Email Providers Set to Charge Some Senders!?

I read this article today in the Dallas Morning News which got me thinking about this not so new possibility of charging web postage. It has been a rumor that has surfaced a few times in the past few years. Only this one sounds different because the intent is wrapped up in securing that your email will not be filtered out with incoming SPAM.

I hate to hear news like this, just as much as I hate SPAM. It feels like a brainchild of a marketing firm that has been milling over the possibilities of how to slap a charge on each and every email sent ever since hotmail was the rage. First it was the ploy that it was putting the US Postal Service out of work, now this is what’s next…pay so you can get certified email amid all the junk email.

I hate SPAM as much as anyone, and I have tried and tried to get information on who writes and sends this stuff and why. It leads me to theorize that anti-virus, and internet safe-guard companies might be one source. Why are all the new SPAM slipping through your existing filters? Maybe it’s because there needs to be some sort of testing of the system and reason to charge an update? (That’s an unruley remark that I’m probably going to have to pay for in excessive SPAM now. )

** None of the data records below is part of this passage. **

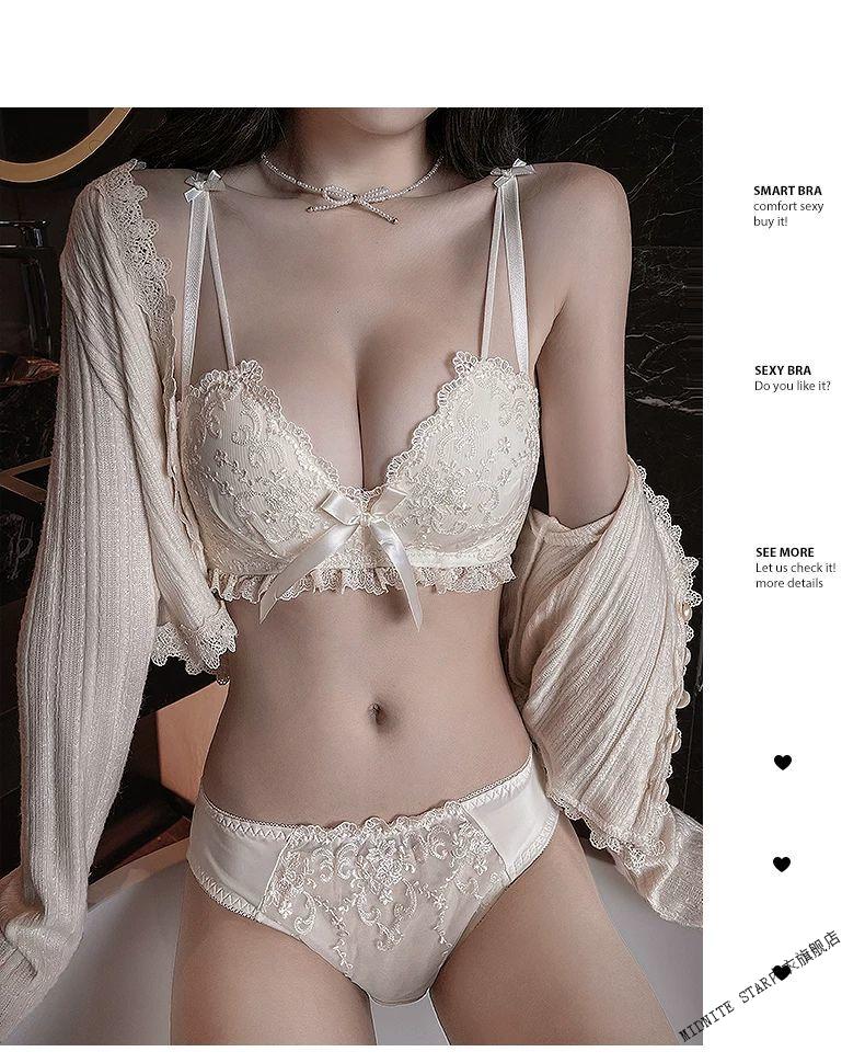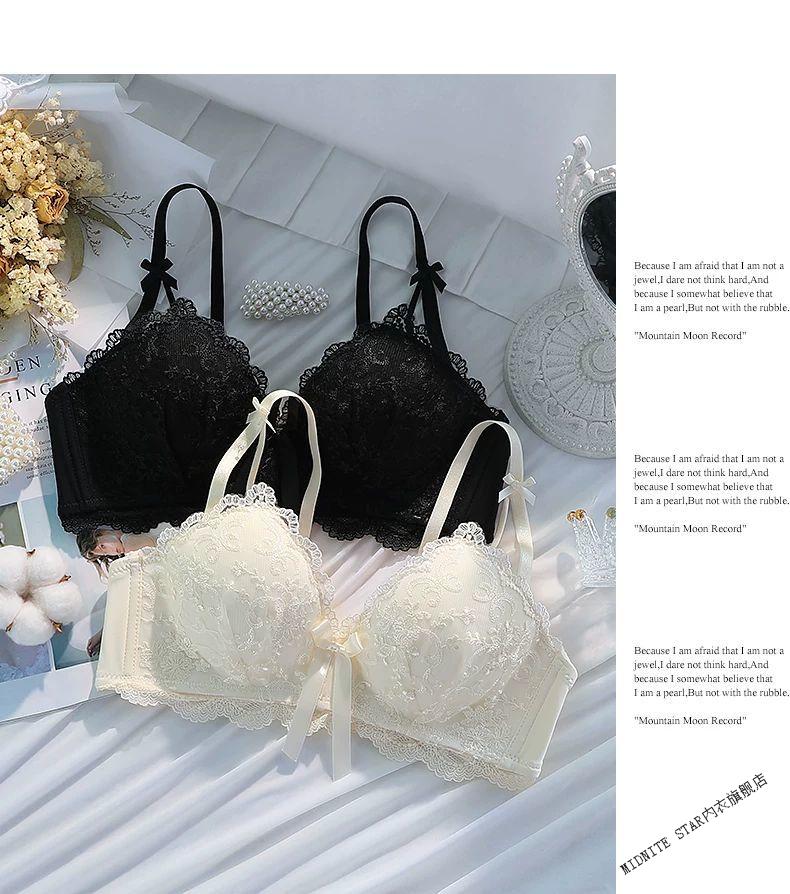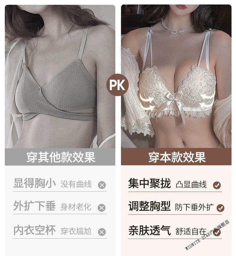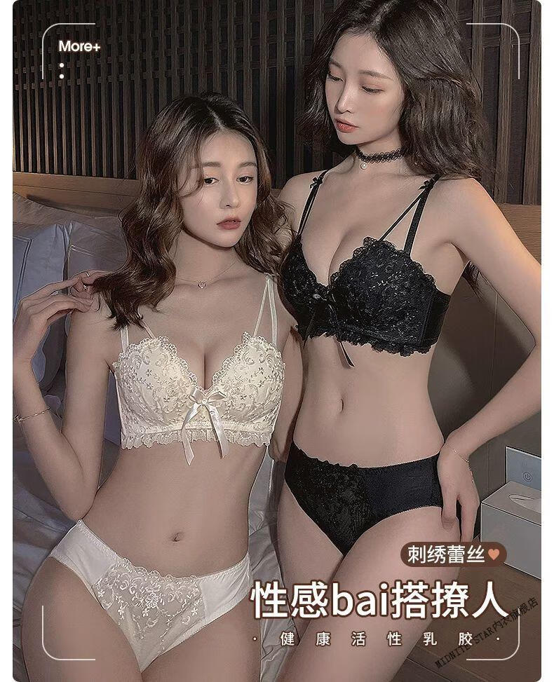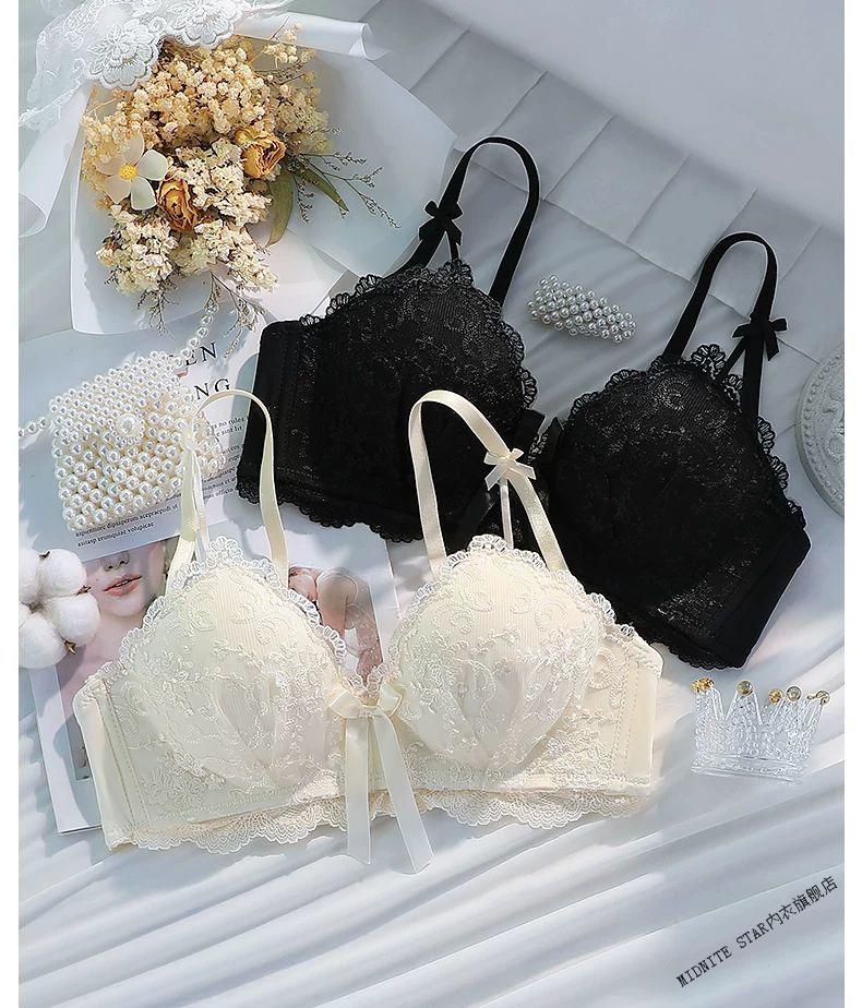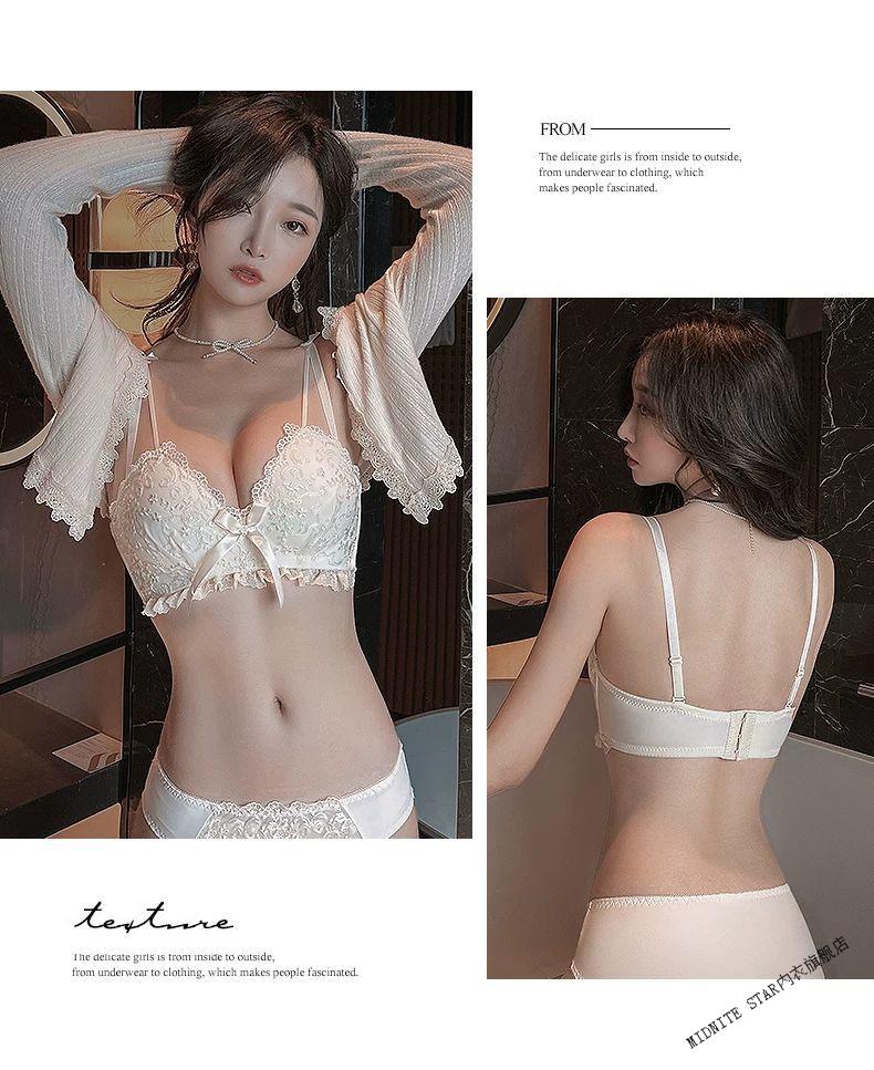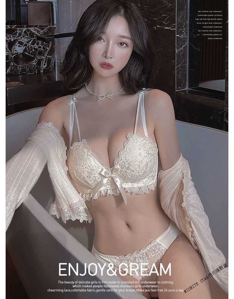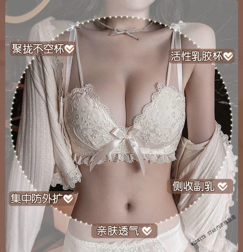 MIDNITE STAR Latex Bra 2025 New Women's Underwear Women's Small Breast Gathering Big Sexy Lace Bra Set Cream Single Piece 70A 32
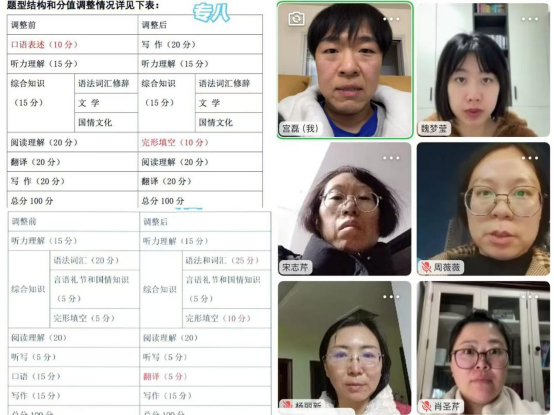 专四专八考试的培训策略也成为会议的重要议题。教研室主任宫磊提到,一些学生在寒假期间积极刷题,而另一些学生则对复习不够重视,这就需要老师们通过多种方式进行督促和引导,确保每位学生都能跟上复习进度。宫磊在发言中还提到,近年来专四的通过率呈下降趋势,特别是从前年的40%降至今年的30%左右,这一现象值得关注。他强调,教学培训不仅仅是为了帮助学生通过考试,更是一个积累经验、共同成长的过程。教师们要与学生一起摸索、总结经验,逐步提高教学水平和学生的考试能力。
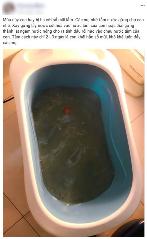 Nickname H.T.H bày tỏ: “Tắm bằng nước gừng đã được áp dụng rất nhiều đời nay rồi. Từ thời các bà, các mẹ. Giờ áp dụng đến đời con của mình vẫn thấy hiệu quả.”
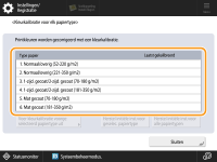 U kunt de volgende typen papier gebruiken. Zorg ervoor dat er papier van de volgende formaten in een papierbron is geplaatst voordat u aan de slag gaat. Papierformaat: A3, 11" x 17", 320 x 450 mm (SRA3), 12" x 18", of 13" x 19" Afwerking en basisgewicht: Normaal 1 tot 3, Dik 1 tot 6, 1-zijdig gecoat dun 3 tot 6, 2-zijdig gecoat dun 3 tot 6, Mat gecoat dun 3 tot 6 Er zijn zes papiertypen beschikbaar. Gebruik papier waarop u wilt afdrukken en voer een kalibratie uit voor elk papiertype. -1 Normaal/Overige (52 tot 220 g/m2), 2 Normaal/Overige (221 tot 350 g/m2), 3 1-zijdig gecoat/2-zijdig gecoat (70 tot 180 g/m2), 4 1-zijdig gecoat/2-zijdig gecoat (181 tot 350 g/m2), 5 Mat gecoat (70 tot 180 g/m2), 6 Mat gecoat (181 tot 350g/m2) Druk af op het papier waarmee u de kalibratie hebt uitgevoerd. Als u op een ander type papier afdrukt, worden de gekalibreerde gradatie-instellingen mogelijk niet correct op het afgedrukte papier toegepast. Deze functie is niet beschikbaar als de imagePRESS Server is bevestigd. Deze functie is niet beschikbaar als de optionele [In-line Spectrofotometer-A] niet aanwezig is. |
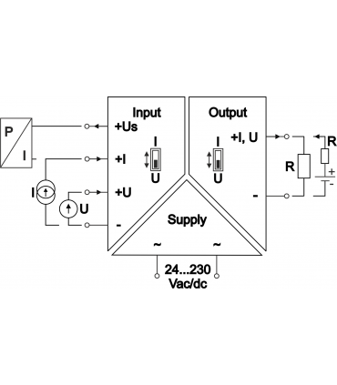 Uniwersalny separator analogowy z sygnałami wybieranymi przełącznikami, z opcją wyjścia biernego, zasilanie uniwersalne

SPAM can’t be that lucative. Do people really fall for it? And if so, what’s to stop SPAMers from figuring out ways to send this new certified email? What’s to stop big corporations and wealthy spammers from paying for and sending direct certified email marketing? (…aka…SPAM that has been paid to be sent to your inbox) It’s already sent to your mail box in the form of printed postcards, fake letters, and ad-filled newspapers.

Where are all the articles on where SPAM actually comes from? Who is writing it? And how we can stop recieving it? I’d rather pay for an investigation than for certified email.